Student-Athlete at Penn Soars Over Life’s Biggest Hurdles

Eliana Yankelev doesn’t let life’s biggest obstacles get in her way.

A member of the track and field team at the University of Pennsylvania, the 20-year-old sophomore competes in sprints, hurdles and the long jump.

Not so long ago, she was a student-athlete at Lower Merion High School. Back then, Yankelev knew that she had a major hurdle ahead: coming out as gay.

Like any college-bound student, she did her research on which colleges suited her best. But Penn’s reputation for being a gay-friendly campus stood out to her.

“Even before I applied to Penn, I researched a few of the groups, like the Lambda Alliance, and found that there was even a niche organization for gay athletes like me,” Yankeley says. 

Known as PATH, the Penn Athletes and Allies Tackling Homophobia, it addresses the mutual concerns of Penn’s LGBT and athletic communities and encourages communication between the two groups in order to create a safe environment. Yankelev, who is the group’s executive chair, and its other members provide resources for student-athletes who wish to come out and also furnish information about LGBT-related issues for heterosexual coaches and athletes.

The summer before her freshman year at Penn, she heard from a fellow incoming student about a photographer, Jeff Sheng, and his “Fearless” project, featuring portraits of high school and collegiate LGBT athletes. Yankelev heard that he was still looking for athletes to add to the compilation and contacted him.

“I was extremely lucky that he was in town and willing to photograph me at such short notice. At the time of the shoot, I never expected that it would have such an impact on my personal life and advocacy work,” she says. “It was definitely easier to come out’that way, although sometimes I feel that it was too ambiguous of an action.”

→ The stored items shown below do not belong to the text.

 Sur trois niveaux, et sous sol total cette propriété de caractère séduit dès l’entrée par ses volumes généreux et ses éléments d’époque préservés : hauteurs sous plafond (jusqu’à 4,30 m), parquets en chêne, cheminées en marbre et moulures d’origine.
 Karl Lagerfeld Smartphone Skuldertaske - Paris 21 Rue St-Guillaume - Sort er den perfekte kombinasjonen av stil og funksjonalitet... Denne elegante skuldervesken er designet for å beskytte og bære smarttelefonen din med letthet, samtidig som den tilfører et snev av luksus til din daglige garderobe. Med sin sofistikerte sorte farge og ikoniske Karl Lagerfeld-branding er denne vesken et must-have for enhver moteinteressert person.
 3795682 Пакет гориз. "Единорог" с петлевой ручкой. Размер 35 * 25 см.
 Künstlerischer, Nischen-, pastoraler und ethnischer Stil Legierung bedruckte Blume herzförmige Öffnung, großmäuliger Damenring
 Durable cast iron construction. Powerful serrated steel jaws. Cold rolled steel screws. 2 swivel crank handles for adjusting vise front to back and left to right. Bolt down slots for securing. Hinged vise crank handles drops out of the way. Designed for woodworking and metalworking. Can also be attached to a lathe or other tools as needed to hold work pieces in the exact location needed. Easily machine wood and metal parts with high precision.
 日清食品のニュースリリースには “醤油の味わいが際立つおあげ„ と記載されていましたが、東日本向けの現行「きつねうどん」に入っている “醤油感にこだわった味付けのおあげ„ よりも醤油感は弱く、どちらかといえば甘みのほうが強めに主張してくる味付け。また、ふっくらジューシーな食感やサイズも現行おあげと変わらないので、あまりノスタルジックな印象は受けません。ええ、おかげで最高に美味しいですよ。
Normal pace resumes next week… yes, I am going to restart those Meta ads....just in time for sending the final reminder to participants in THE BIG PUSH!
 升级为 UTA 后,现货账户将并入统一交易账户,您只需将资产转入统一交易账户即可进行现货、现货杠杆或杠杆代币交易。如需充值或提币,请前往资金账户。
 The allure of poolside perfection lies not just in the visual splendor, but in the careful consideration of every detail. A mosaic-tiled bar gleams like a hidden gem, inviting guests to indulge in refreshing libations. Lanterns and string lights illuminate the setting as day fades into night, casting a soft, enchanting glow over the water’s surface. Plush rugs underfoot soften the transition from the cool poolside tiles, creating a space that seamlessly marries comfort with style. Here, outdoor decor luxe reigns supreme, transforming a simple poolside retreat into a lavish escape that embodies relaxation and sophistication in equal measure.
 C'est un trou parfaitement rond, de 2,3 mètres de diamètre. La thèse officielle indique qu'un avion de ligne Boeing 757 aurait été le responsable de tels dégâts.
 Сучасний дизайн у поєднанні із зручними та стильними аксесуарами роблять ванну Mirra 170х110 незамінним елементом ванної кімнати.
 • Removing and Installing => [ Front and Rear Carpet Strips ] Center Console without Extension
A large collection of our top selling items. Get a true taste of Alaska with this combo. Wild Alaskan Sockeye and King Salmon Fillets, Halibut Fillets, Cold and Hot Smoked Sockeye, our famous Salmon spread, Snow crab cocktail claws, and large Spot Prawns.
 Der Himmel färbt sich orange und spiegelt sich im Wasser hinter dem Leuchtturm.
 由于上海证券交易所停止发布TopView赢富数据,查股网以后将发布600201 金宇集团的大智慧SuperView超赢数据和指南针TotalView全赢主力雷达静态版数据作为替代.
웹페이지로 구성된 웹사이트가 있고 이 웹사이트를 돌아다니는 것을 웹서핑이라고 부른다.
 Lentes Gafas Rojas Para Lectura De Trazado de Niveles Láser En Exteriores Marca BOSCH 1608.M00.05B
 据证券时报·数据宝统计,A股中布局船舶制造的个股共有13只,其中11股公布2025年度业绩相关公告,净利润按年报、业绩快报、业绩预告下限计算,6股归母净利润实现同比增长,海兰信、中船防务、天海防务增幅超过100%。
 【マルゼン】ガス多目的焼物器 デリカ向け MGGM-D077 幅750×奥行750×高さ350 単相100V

Out of approximately 1,000 athletes on campus, Yankelev is one of fewer than a dozen who have publicly come out.

Yankelev regularly attends events sponsored by J-Bagel, which is Penn’s Jewish LGBT organization. She also serves as the representative for women’s track and field on the Student Athlete Advising Committee.

In addition to representing gay athletes at Penn, Yankelev is a collegiate ambassador for Go! Athletes, a national non-profit organization dedicated to educating, engaging and empowering every generation of LGBT athletes and allies. She also created the Ivy League network for LGBT athletes.

She credits her friends for being there to support her during what can be an intense, painful, fearful, confusing, yet liberating time as a part of a lifelong process of finding self-acceptance.

Yankelev says that coming out to her friends was the easy part. But, sharing with her family was, and still is, a difficult and ongoing process.

“A lot of nerves, tension and doubt preceded my coming out to my family,” she explains. “It was a huge weight off my chest, but it still created a lot of tension with certain family members.” 

For the most part, though, she feels free to openly discuss her life and relationships.

Her next major hurdle was to learn how to understand abhorrence and loathing. 

Growing in up Wynnewood, Pa., Yankelev always knew that she wanted to look at the origins and science of hatred.

Her personal story inspired her to pursue an academic path that might allow her to make some big strides toward her own healing.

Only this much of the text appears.